Além de atender a um público que tem na apreciação da cannabis ou do tabaco um estilo de vida, e que por isso gosta de investir em produtos descolados, como piteiras de vidro, bongs e pipes, cachimbos, dichavadores, trituradores e dezenas outros acessórios para tornar mais personalizado o ritual de fumar, lojas como a Tabakombi trabalham com o conceito de redução de danos. São espaços que se propõem a ajudar seus clientes a encontrar formas de minimizar os impactos negativos para a saúde:
– Enquanto a política proibicionista exclui a pessoa que utiliza algum tipo de psicoativo, a política de redução de danos não exclui, mas acolhe e fornece recursos para ela fazer de forma mais segura e consciente.

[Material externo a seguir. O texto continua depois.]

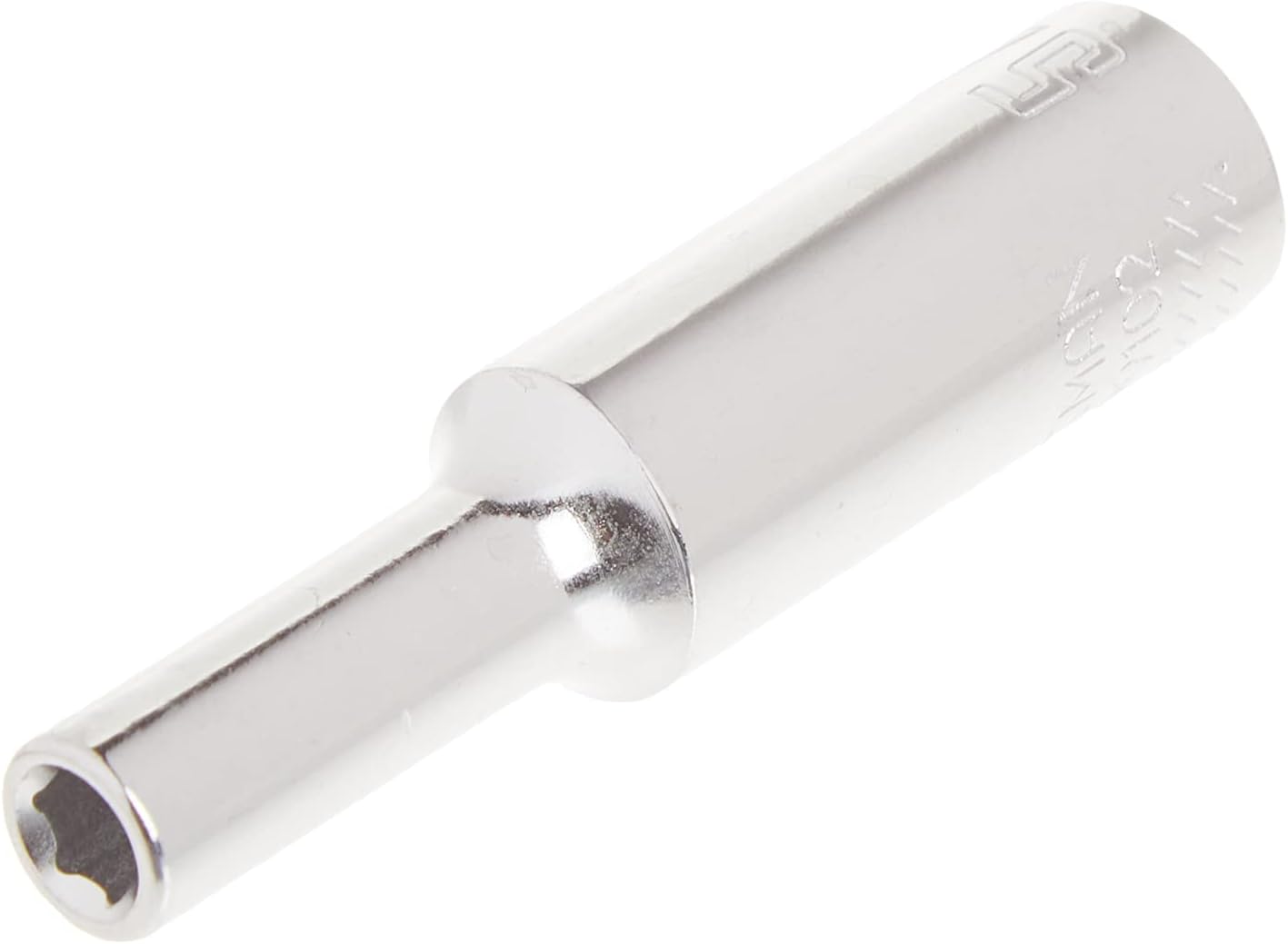 Like a sleek piece of jewelry for your toolkit, this deep socket brings refined shine and purpose to tight spaces. The elongated silhouette and bold size mark offer both beauty and function, slipping into recessed hardware with ease. Pair it with a streamlined 1/4-inch ratchet on a pegboard for a crisp, curated workshop wall. It’s a small essential that elevates everyday tasks with a touch of luxe practicality.

Cada vez menos gente fuma cigarro. Antigamente tinha quatro marcas de tabaco no mercado, hoje tem mais de 30. E o tabaco não tem as 4,7 mil substâncias tóxicas do cigarro. Além disso, o pessoal usa cada vez mais filtros, usa piteira de vidro ou papel, porque, quanto maior é a distância entre a boca e a queima, mais reduz os danos – exemplifica Renata Squinalli, companheira de Geziel e terapeuta canábica.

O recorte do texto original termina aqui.